| Records shown |
======

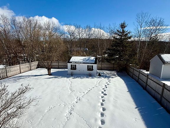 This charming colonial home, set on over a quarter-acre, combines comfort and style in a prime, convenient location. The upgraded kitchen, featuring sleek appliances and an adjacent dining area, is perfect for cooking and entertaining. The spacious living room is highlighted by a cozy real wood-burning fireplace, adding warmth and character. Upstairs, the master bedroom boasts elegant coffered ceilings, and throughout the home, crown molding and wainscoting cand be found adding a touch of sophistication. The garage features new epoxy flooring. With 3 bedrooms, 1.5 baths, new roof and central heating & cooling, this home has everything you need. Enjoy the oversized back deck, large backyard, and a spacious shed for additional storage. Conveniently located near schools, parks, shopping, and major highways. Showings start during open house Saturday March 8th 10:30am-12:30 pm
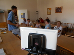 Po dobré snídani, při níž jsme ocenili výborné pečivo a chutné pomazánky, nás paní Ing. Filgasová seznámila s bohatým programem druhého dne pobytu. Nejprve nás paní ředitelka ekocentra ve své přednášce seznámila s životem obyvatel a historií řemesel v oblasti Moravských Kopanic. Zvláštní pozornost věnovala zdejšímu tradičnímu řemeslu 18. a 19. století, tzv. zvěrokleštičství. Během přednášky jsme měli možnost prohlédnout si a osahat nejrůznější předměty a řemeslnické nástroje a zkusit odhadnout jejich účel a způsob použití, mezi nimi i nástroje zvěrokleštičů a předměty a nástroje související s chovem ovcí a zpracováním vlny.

======

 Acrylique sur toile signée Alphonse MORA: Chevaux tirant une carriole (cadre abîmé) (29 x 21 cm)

======

Copy out the lines above from the line containing "This charming colonial" through the line containing "Po dobré snídani, při", exactly, and keep the pictures out.

 This charming colonial home, set on over a quarter-acre, combines comfort and style in a prime, convenient location. The upgraded kitchen, featuring sleek appliances and an adjacent dining area, is perfect for cooking and entertaining. The spacious living room is highlighted by a cozy real wood-burning fireplace, adding warmth and character. Upstairs, the master bedroom boasts elegant coffered ceilings, and throughout the home, crown molding and wainscoting cand be found adding a touch of sophistication. The garage features new epoxy flooring. With 3 bedrooms, 1.5 baths, new roof and central heating & cooling, this home has everything you need. Enjoy the oversized back deck, large backyard, and a spacious shed for additional storage. Conveniently located near schools, parks, shopping, and major highways. Showings start during open house Saturday March 8th 10:30am-12:30 pm
 Po dobré snídani, při níž jsme ocenili výborné pečivo a chutné pomazánky, nás paní Ing. Filgasová seznámila s bohatým programem druhého dne pobytu. Nejprve nás paní ředitelka ekocentra ve své přednášce seznámila s životem obyvatel a historií řemesel v oblasti Moravských Kopanic. Zvláštní pozornost věnovala zdejšímu tradičnímu řemeslu 18. a 19. století, tzv. zvěrokleštičství. Během přednášky jsme měli možnost prohlédnout si a osahat nejrůznější předměty a řemeslnické nástroje a zkusit odhadnout jejich účel a způsob použití, mezi nimi i nástroje zvěrokleštičů a předměty a nástroje související s chovem ovcí a zpracováním vlny.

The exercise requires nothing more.